Micronutrient Intake Associated with Risk of MAFLD

This cross-sectional study leverages dietary recall interview data from the 2017-2020 National Health and Nutrition Examination Survey (NHANES) to provide an overview of the association between micronutrient intake and risk of metabolic dysfunction-associated fatty liver disease (MAFLD), with findings suggesting high copper intake and moderate iron intake may be associated with a decreased risk of MAFLD regardless of gender or the presence of diabetes or hypertension.

Having copper intake in the third and fourth quartiles (Odds ratio [OR], 0.67; 95% CI, 0.49-0.91 and OR, 0.58; 95% CI, 0.43-0.78, respectively) and iron intake in the second and third quartiles (OR, 0.63; 95% CI, 0.44-0.91 and OR, 0.59; 95% CI, 0.40-0.85, respectively) were found to be associated with decreased odds of MAFLD compared to participants in the first quartile.

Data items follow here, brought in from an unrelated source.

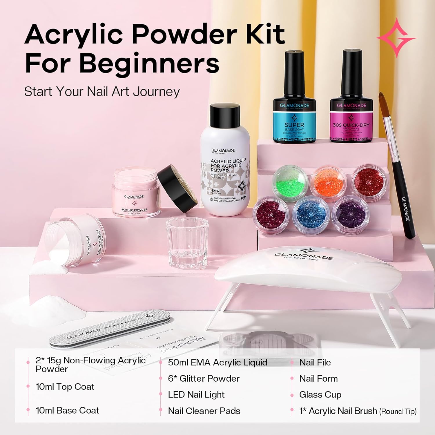 - Included Components : Acrylic Powder, Acrylic Liquid, Base Coat, Top Coat, LED Nail Lamp, Acrylic Nail Brush Pen, Glitter, Glass Container, Nail Cleaner Pads, Nail Forms Acrylic Powder, Acrylic Liquid, Base Coat, Top Coat, LED Nail Lamp, Acrylic Nail Brush Pen, Glitter, Glass Container, Nail Cleaner Pads, Nail Forms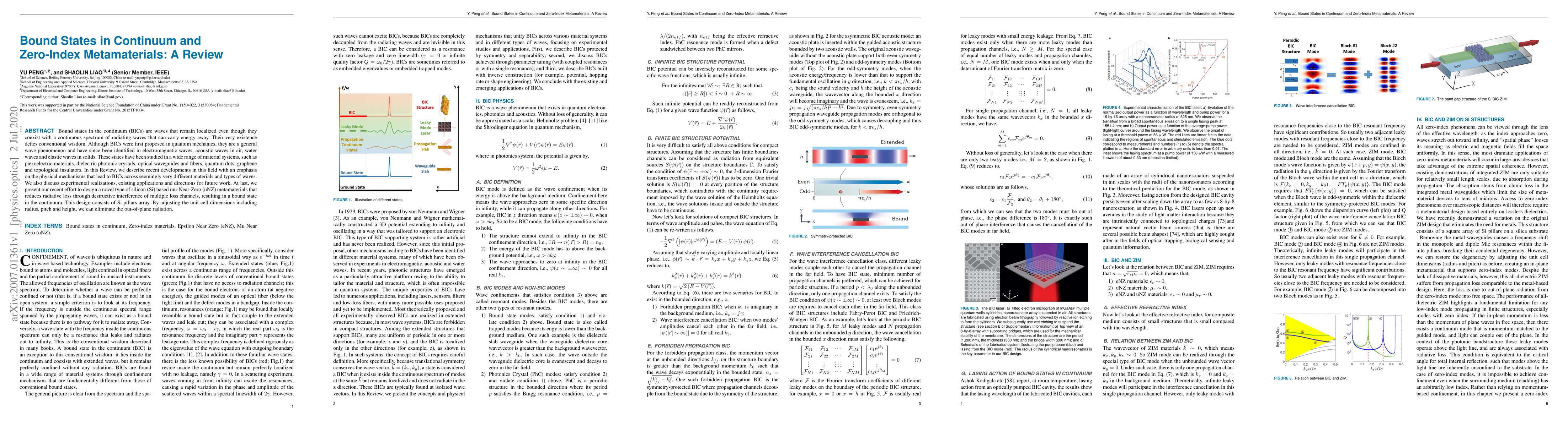 Bound states in the continuum (BICs) are waves that remain localized even though they coexist with a continuous spectrum of radiating waves that can carry energy away. Their very existence defies conventional wisdom. Although BICs were first proposed in quantum mechanics, they are a general wave phenomenon and have since been identified in electromagnetic waves, acoustic waves in air, water waves and elastic waves in solids. These states have been studied in a wide range of material systems, such as piezoelectric materials, dielectric photonic crystals, optical waveguides and fibers, quantum dots, graphene and topological insulators. In this Review, we describe recent developments in this field with an emphasis on the physical mechanisms that lead to BICs across seemingly very different materials and types of waves. We also discuss experimental realizations, existing applications and directions for future work. At last, we present our recent effort to design a novel type of silicon (Si) based mu-Near-Zero (uNZ) metamaterials that reduces radiative loss through destructive interference of multiple loss channels, resulting in a bound state in the continuum. This design consists of Si pillars array. By adjusting the unit-cell dimensions including radius, pitch and height, we can eliminate the out-of-plane radiation.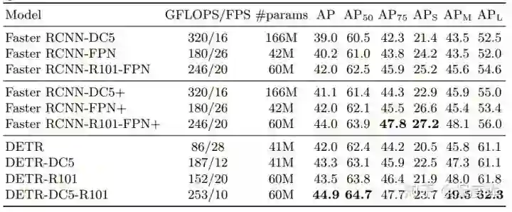 Faster RCNN-DC5是指的resnet的最后一个stage采用空洞率=stride设置代替stride,目的是在不进行下采样基础上扩大感受野,输出特征图分辨率保持不变。+号代表采用了额外的技巧提升性能例如giou、多尺度训练和9xepoch训练策略。可以发现detr效果稍微好于faster rcnn各种版本,证明了视觉transformer的潜力。但是可以发现其小物体检测能力远远低于faster rcnn,这是一个比较大的弊端。

Environmental Exposure to Toxic Metals May Increase Risk of MASLD, Study Finds

Another cross-sectional study, again using data from NHANES, found that exposure to toxic metals may be associated with an increased risk of metabolic dysfunction-associated steatotic liver disease (MASLD).

Results showed participants in the third quartile (OR, 1.20; 95% CI, 0.99-1.45; P = .068) and fourth quartile (OR, 1.24; 95% CI, 1.02-1.50; P = .031) for blood selenium levels faced a greater risk of MASLD compared to those in the first quartile, suggesting greater blood selenium levels were associated with an increased likelihood of MASLD. Blood lead exposure was also positively correlated with MASLD risk in the second quartile group (OR, 1.21; 95% CI, 1.00-1.46; P = .049).